Now we can render the template, using our plot and layout data, with the following code:

import jinja2

# Use the string to create a jinja template
jinja_template = jinja2.Template(
    plot_template
)

# Render it by passing the data
# to the template
svg_string = jinja_template.render(
    data=data,
    layout=layout,
    xticks=xticks,
    yticks=yticks,
    xscale=xscale,
    yscale=yscale
)

# The result is just a string
# with the rendered plot
type(svg_string) == str


# Now, optionally, if you want
# to display the SVG in Jupyter
# you can do this...

from IPython.display import display_svg

display_svg(
  svg_string,
  raw=True
)

Here’s what the rendered plot would look like as an SVG:

svg Sample plot rendered with jinja (as an SVG)

And here’s what it would look like as a raster image:

For the complete code, check out the gist here.

Conclusion

If you’re just doing EDA calling plt.scatter(x,y) is still the way to go, but if you want to be able to fully customize your plot try using Jinja.
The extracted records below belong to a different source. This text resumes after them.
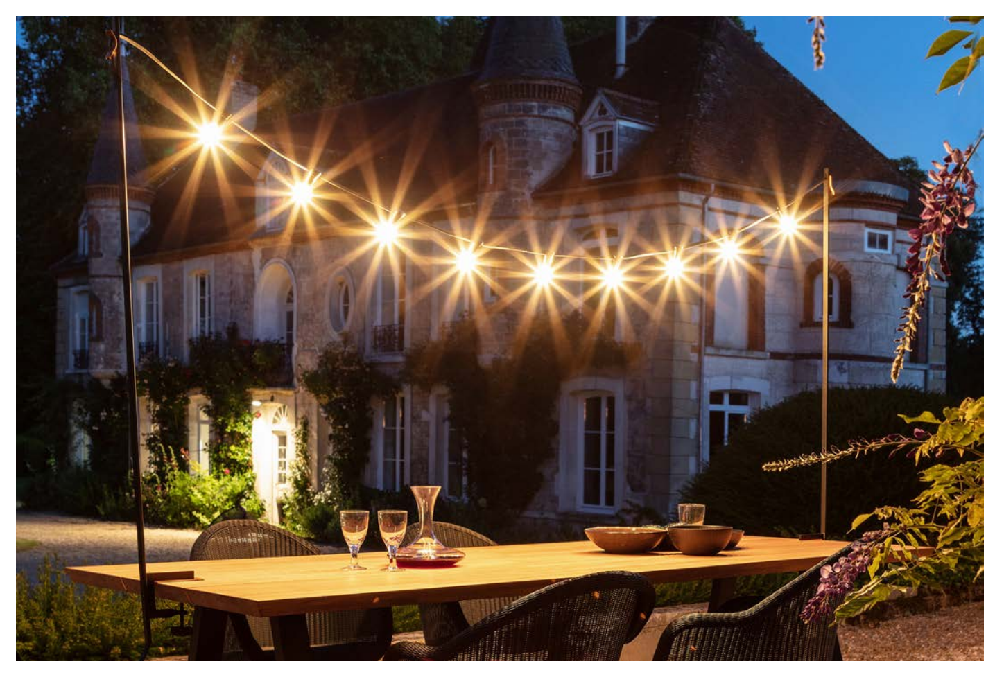
MORE INFO ON VINCENTSHEPPARD.COM
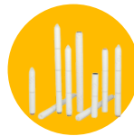
DEPTH PLEATED FILTER CARTRIDGE

Higher economic efficiency, shorter lead time
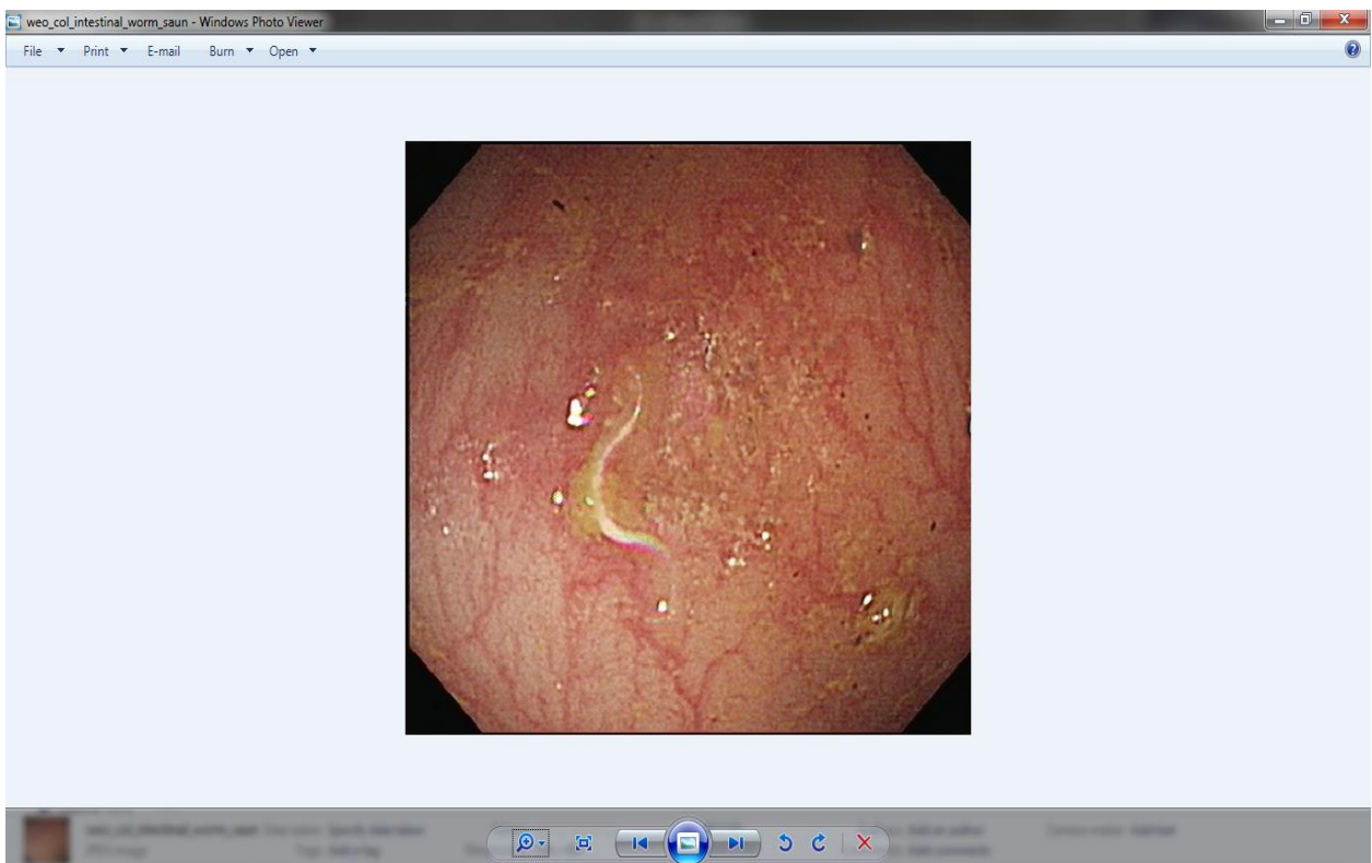
fig(3) Here from this WCE image among the different cells specially hookworm is detected using its shape and colour by machine learning technique.

It might take more time to start up but your templates are easily reusable and you aren’t limited to the plots that are supported by your plotting library.

Another great benefit of SVGs is the ability to copy the path from another SVG and incorporate it into your own. For example, if you wanted to change the points in your scatter plot to be your company’s logo and your competitors, all you need to do is download the SVG logos and replace the circles in your template with the logo paths.